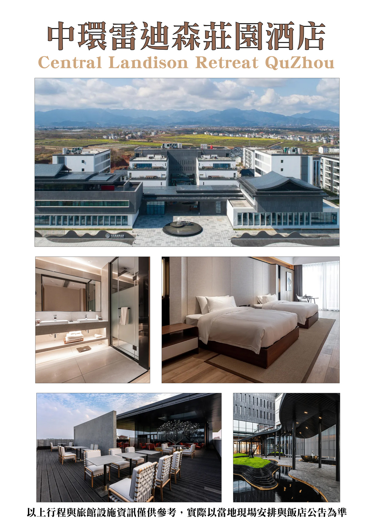 住宿:中環雷迪森莊園酒店或衢江東方大酒店或同級
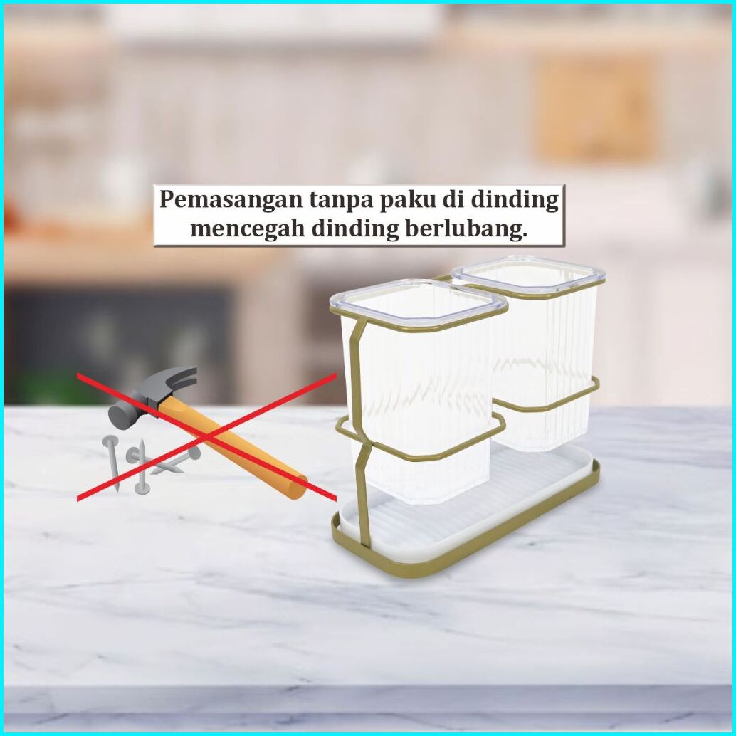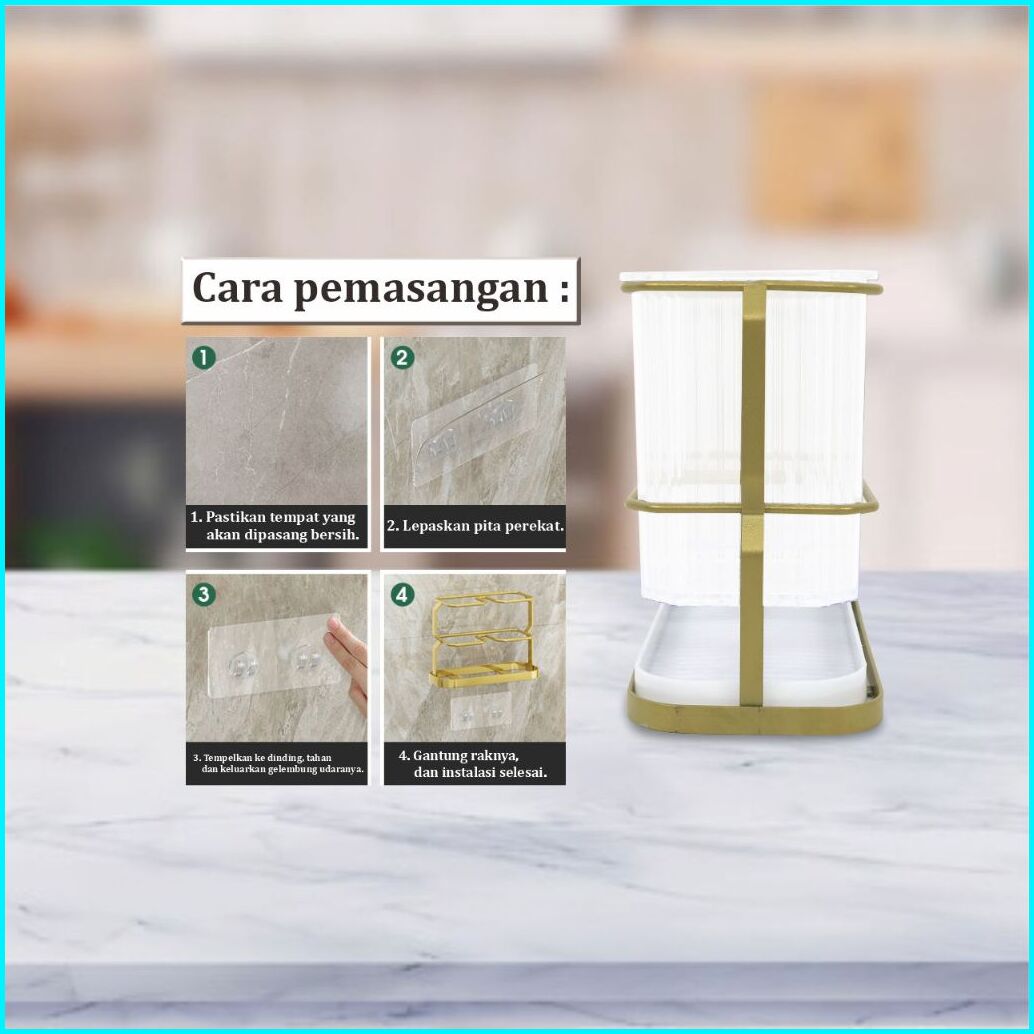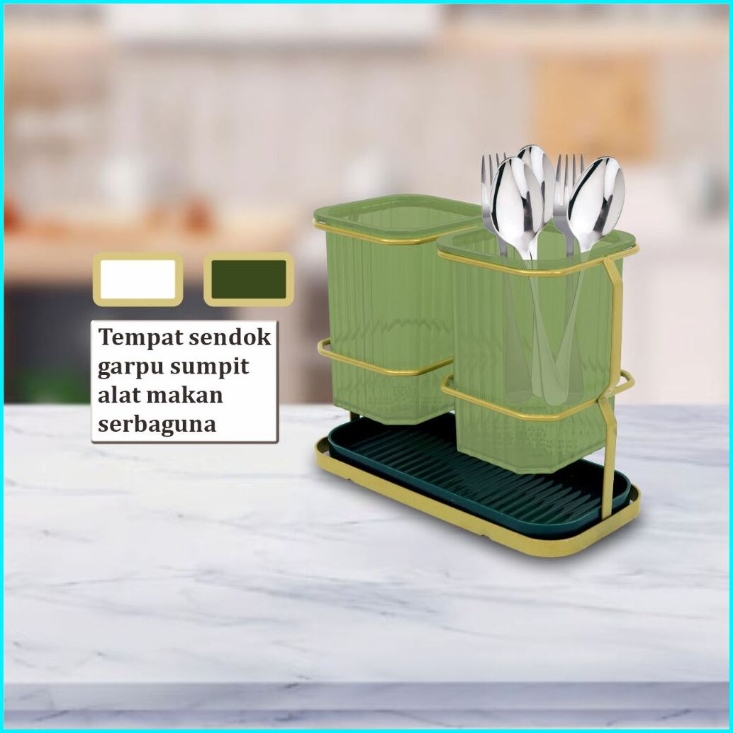 Tempat Sendok Garpu Sumpit Dinding Minimalis Dengan Peniris Air Cutlery Holder Serbaguna Rak Penyimpanan Alat Makan Rak
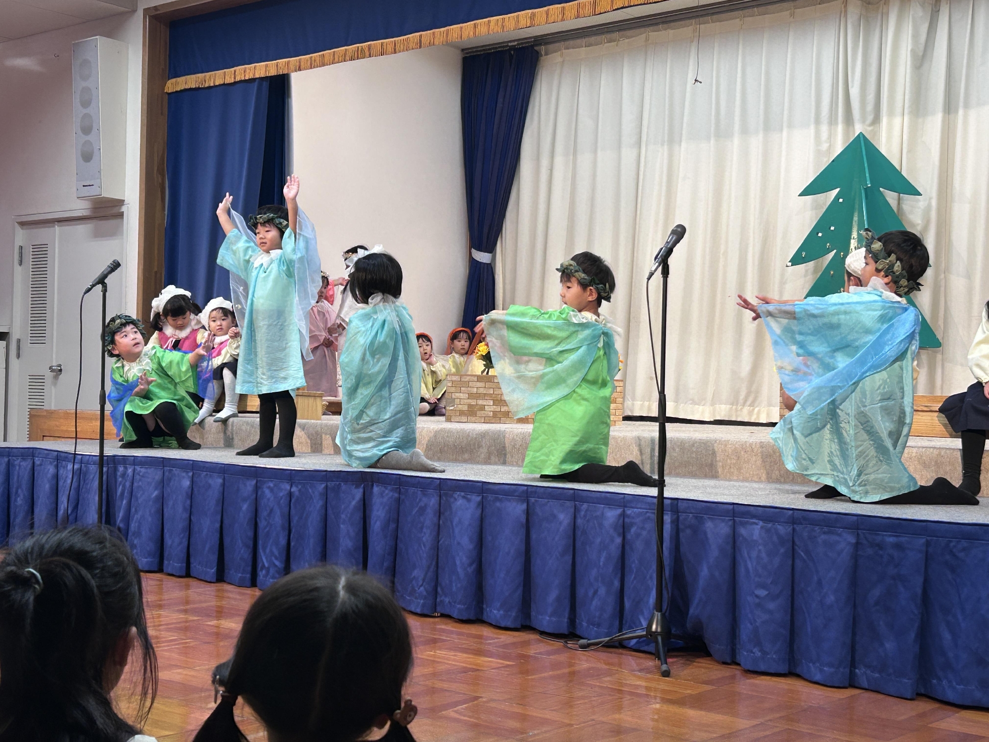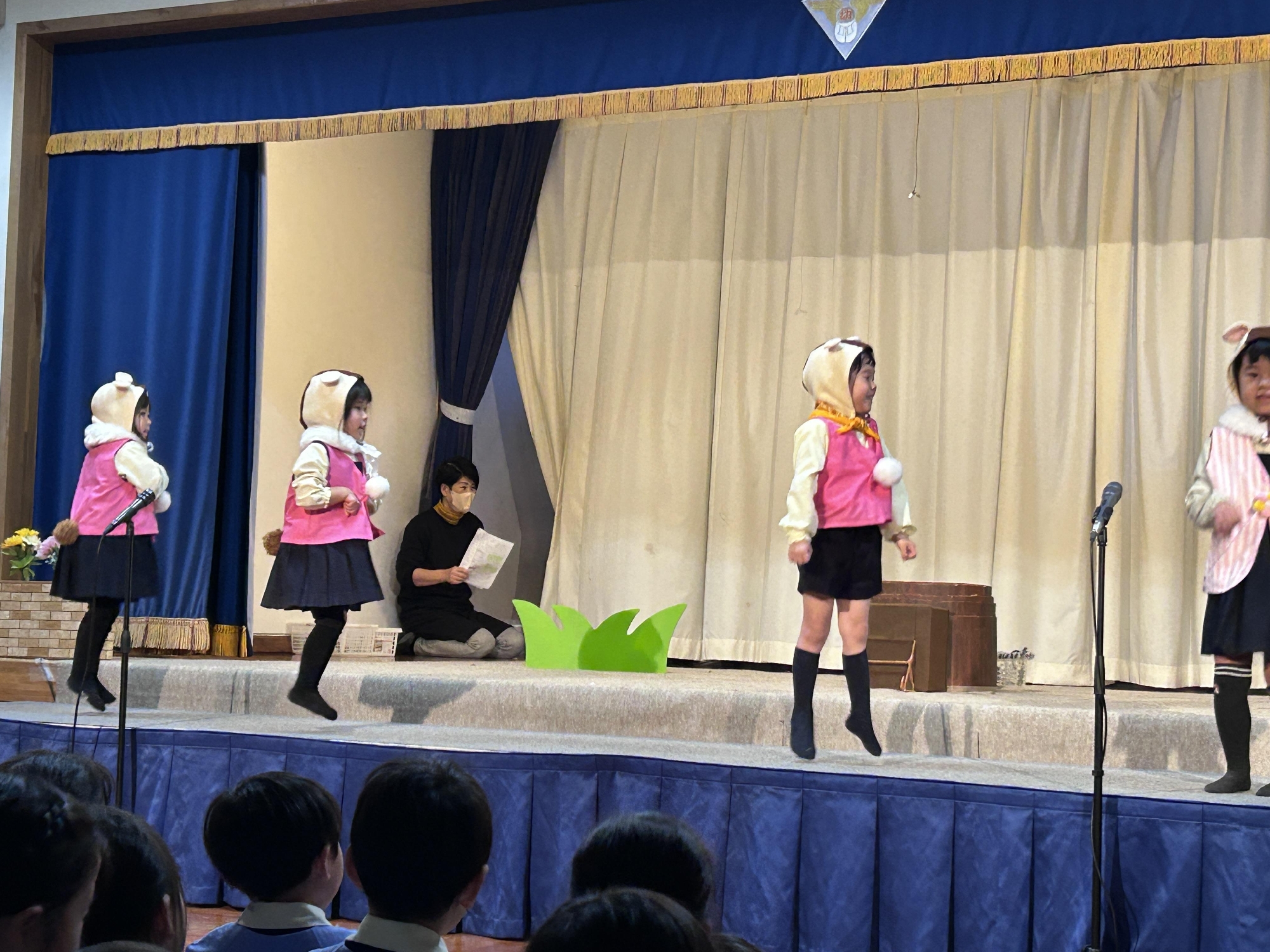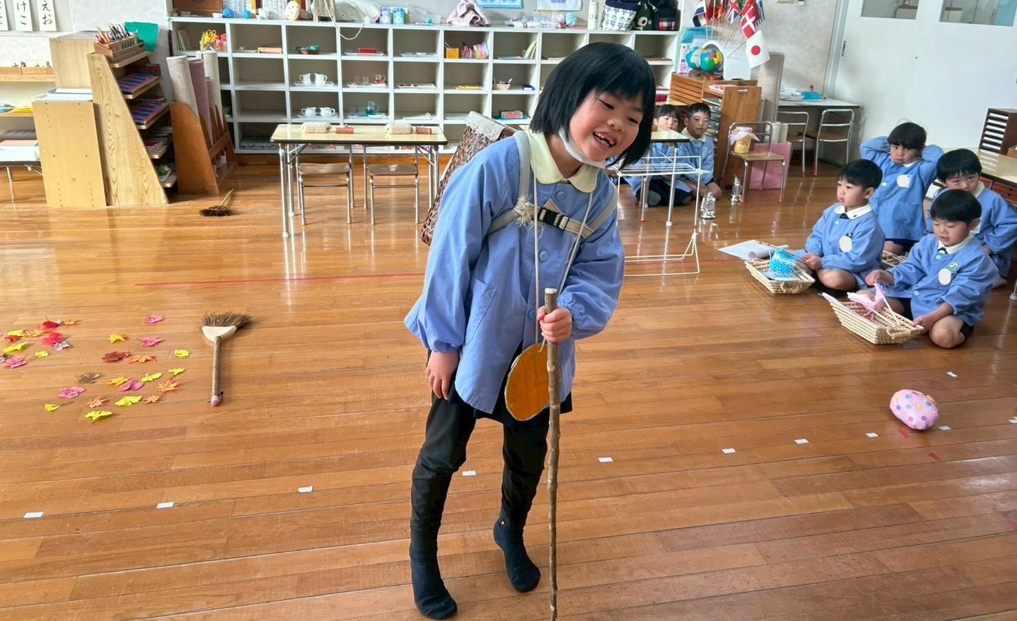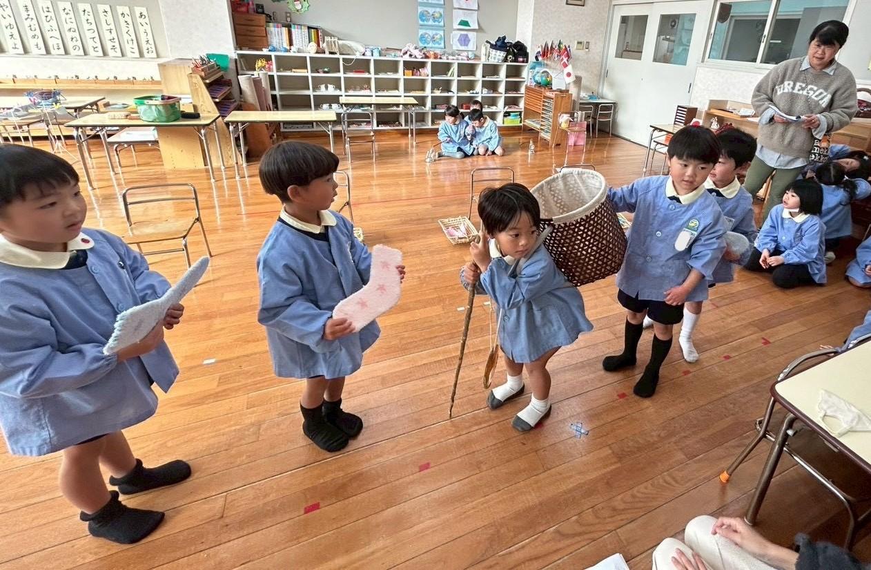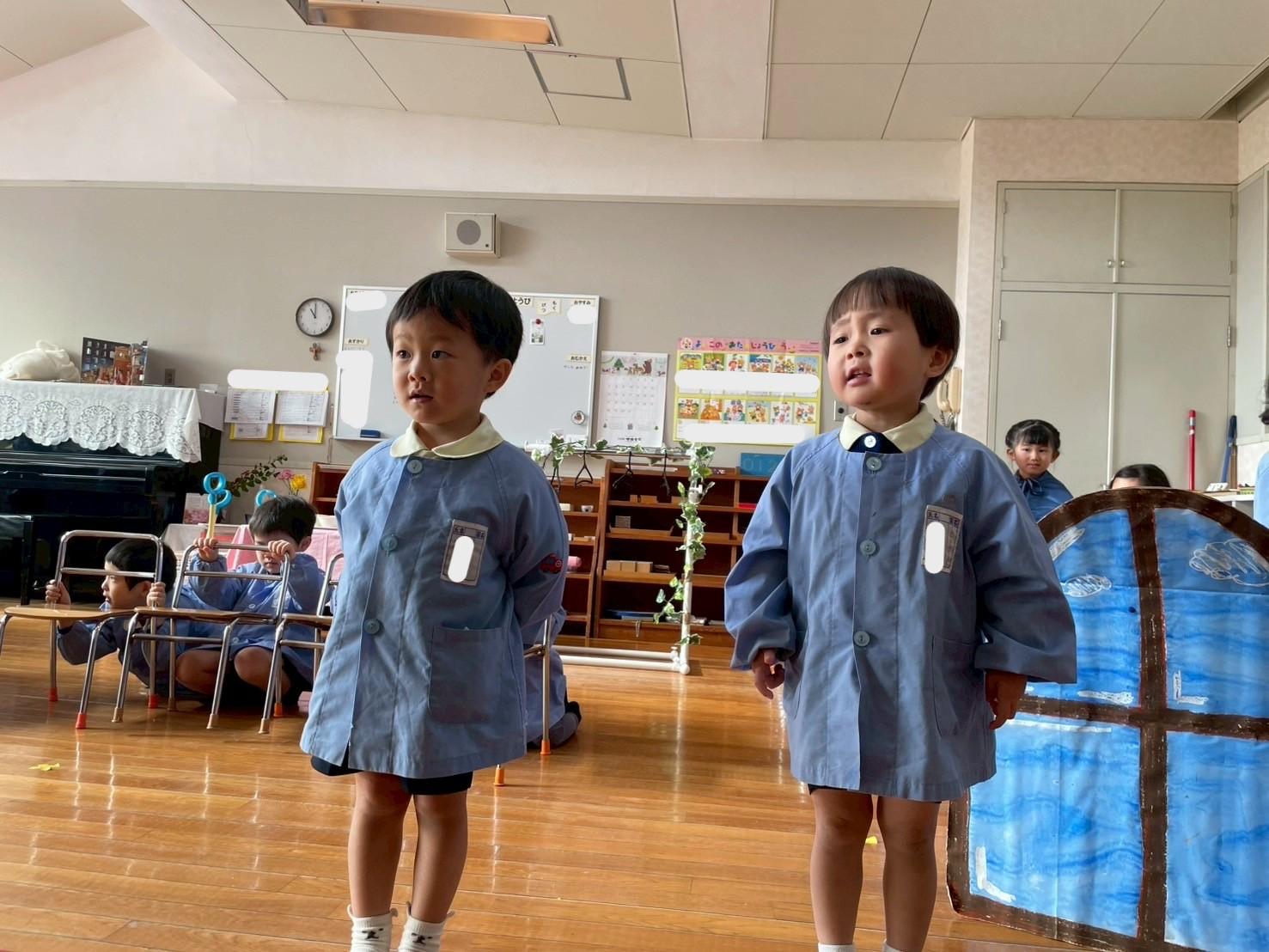 お祝い会をお休みした子ども達もいたので、ホールで劇ごっこをしました。
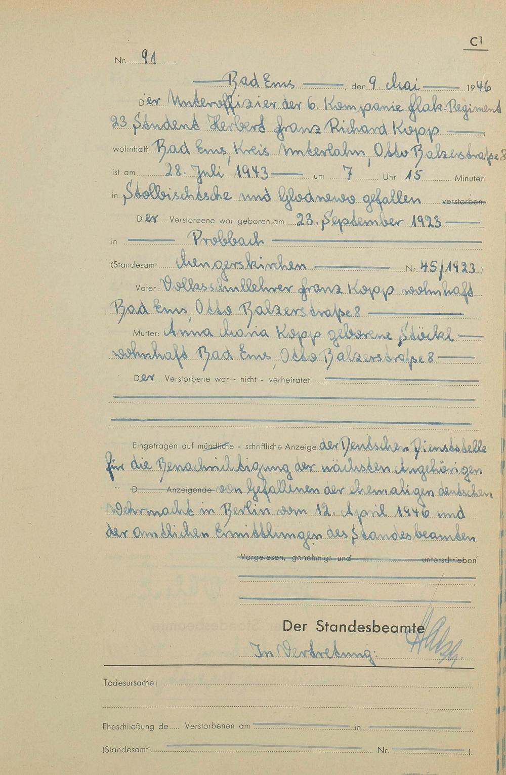 1522: Sterberegister 1946

- **EXERCISE DIRECTIONS**: Retype exactly the lines above, starting at the line containing "お祝い会をお休みした子ども達もいたので、ホールで劇ごっこをしました。" and ending with the last line, both included; leave out the pictures.

- **TASK ANSWER**:
 お祝い会をお休みした子ども達もいたので、ホールで劇ごっこをしました。
 1522: Sterberegister 1946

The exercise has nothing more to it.